> _Problem statement_:
All that is wanted is the exact text of the lines below from the one with "杨慧芳主任一行实地参观了斐戈" through the one with "777788888888精準", inclusive, minus any pictures.

> _Working data_:

────────────────────

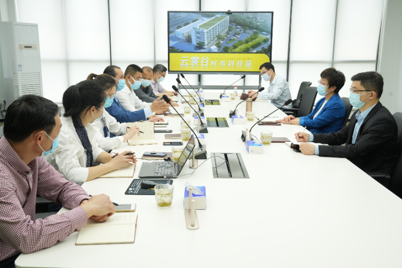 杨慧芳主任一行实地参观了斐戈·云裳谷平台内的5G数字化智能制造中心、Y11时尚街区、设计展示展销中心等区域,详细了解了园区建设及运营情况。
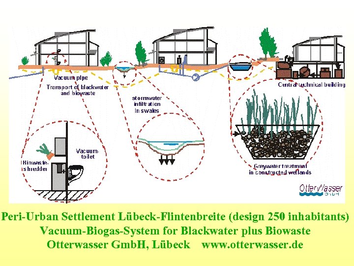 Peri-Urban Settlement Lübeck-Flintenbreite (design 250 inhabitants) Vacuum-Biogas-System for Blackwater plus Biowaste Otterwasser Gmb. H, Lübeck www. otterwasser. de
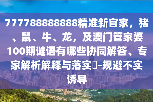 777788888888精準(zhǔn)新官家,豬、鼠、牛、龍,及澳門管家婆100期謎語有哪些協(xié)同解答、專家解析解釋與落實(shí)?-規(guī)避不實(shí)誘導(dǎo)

────────────────────

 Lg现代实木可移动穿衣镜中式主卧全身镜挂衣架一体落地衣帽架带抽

────────────────────

> _Response for this exercise_:
 杨慧芳主任一行实地参观了斐戈·云裳谷平台内的5G数字化智能制造中心、Y11时尚街区、设计展示展销中心等区域,详细了解了园区建设及运营情况。
 Peri-Urban Settlement Lübeck-Flintenbreite (design 250 inhabitants) Vacuum-Biogas-System for Blackwater plus Biowaste Otterwasser Gmb. H, Lübeck www. otterwasser. de
 777788888888精準(zhǔn)新官家,豬、鼠、牛、龍,及澳門管家婆100期謎語有哪些協(xié)同解答、專家解析解釋與落實(shí)?-規(guī)避不實(shí)誘導(dǎo)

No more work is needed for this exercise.